Backup hanging after client renaming

Hello, we are running networker 9.2.1.5 on all servers/clients. We are moving clients to backup vlan (adding interface with ip address from backup lan range). So far all clients have been renamed without issues. Now we have some clients (same configuration) where backup just won't run in this network however it runs fine in the shared network (using different nic on both server and client). It seems that these clients have problem communicating back with server, backup is started (session created on client) but then it just hangs with no errors and eventually timed out. All nslookups, pings, traceroutes, telnet on networker ports are working just fine. Also when I run nsradmin -p nsrexec -s clientsbackupvlanname it is connected right away but after I try to print something or get into visual mode it hangs and time out. Tried to reinstall the client software, restarted networker on backup server, tried adding server network interface etc but nothing helped so far. Any ideas?

1 Rookie

 • 

11 Posts

July 25th, 2019 04:00

nsrladb was delete while client was reinstalled (actually removed whole /nsr content)
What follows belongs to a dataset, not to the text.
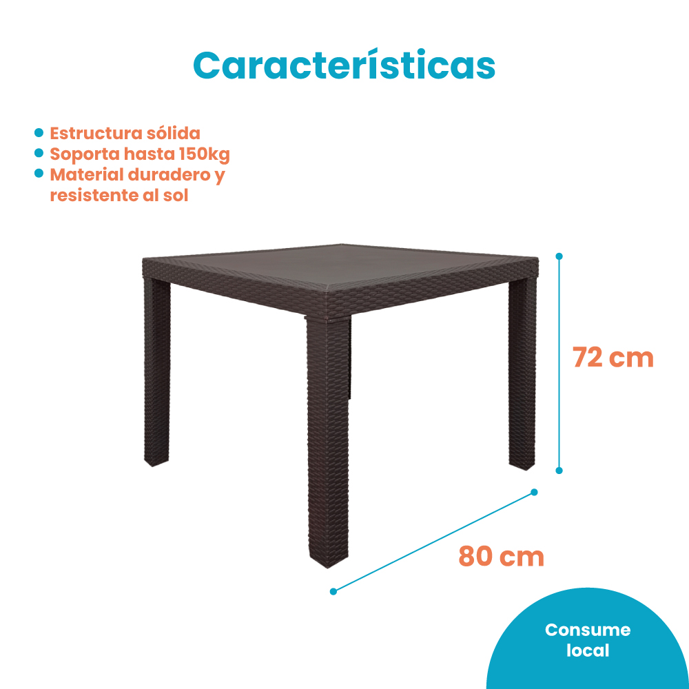 Dimensiones (largo x ancho x alto): 80 x 80 x 72cm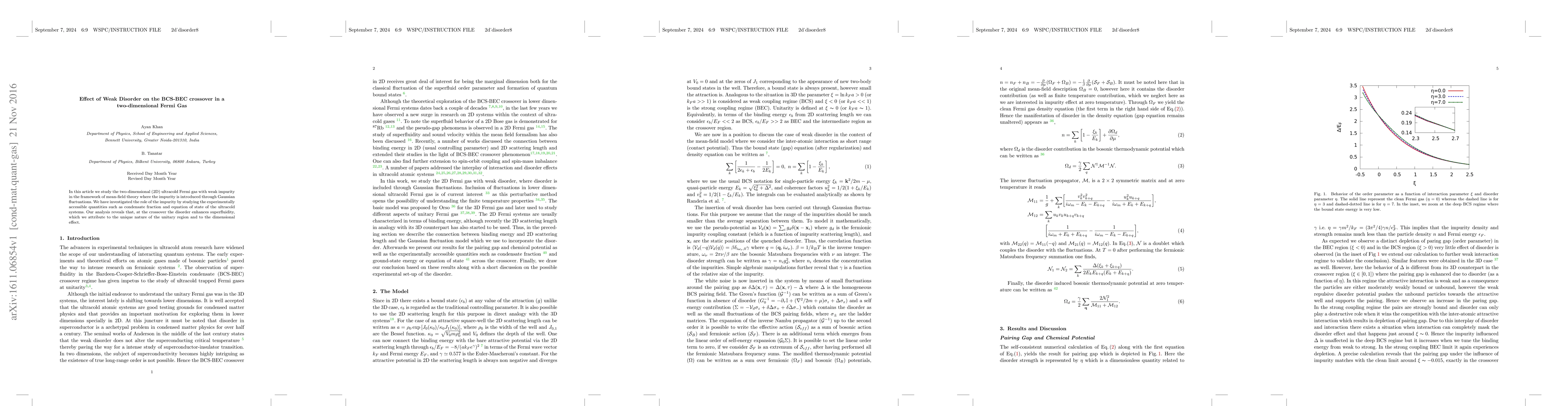 In this article we study the two-dimensional (2D) ultracold Fermi gas with weak impurity in the framework of mean-field theory where the impurity is introduced through Gaussian fluctuations. We have investigated the role of the impurity by studying the experimentally accessible quantities such as condensate fraction and equation of state of the ultracold systems. Our analysis reveals that, at the crossover the disorder enhances superfluidity, which we attribute to the unique nature of the unitary region and to the dimensional effect.

Manual backups are hanging on: 
 save -vvv -s backupserver-bk -c client-bk -b FS /etc/hosts

174411:save: Step (1 of 7) for PID-181806: save has been started on the client 'client'.
175313:save: Step (2 of 7) for PID-181806: Running the backup on the client 'client-bk' for the selected save sets.
70342:save: save: got prototype for /
70342:save: save: got prototype for /
70342:save: save: got prototype for /dev/
70342:save: save: got prototype for /dev/
70342:save: save: got prototype for /proc/sys/fs/
70342:save: save: got prototype for /var/lib/nfs/
175318:save: Identifed a save for the backup with PID-181806 on the client 'client-bk'. Updating the total number of steps from 7 to 6.
174920:save: Step (3 of 6) for PID-181806: Contacting the NetWorker server through the nsrd process to obtain a handle to the target media device through the nsrmmd process for the save set '/etc/hosts'.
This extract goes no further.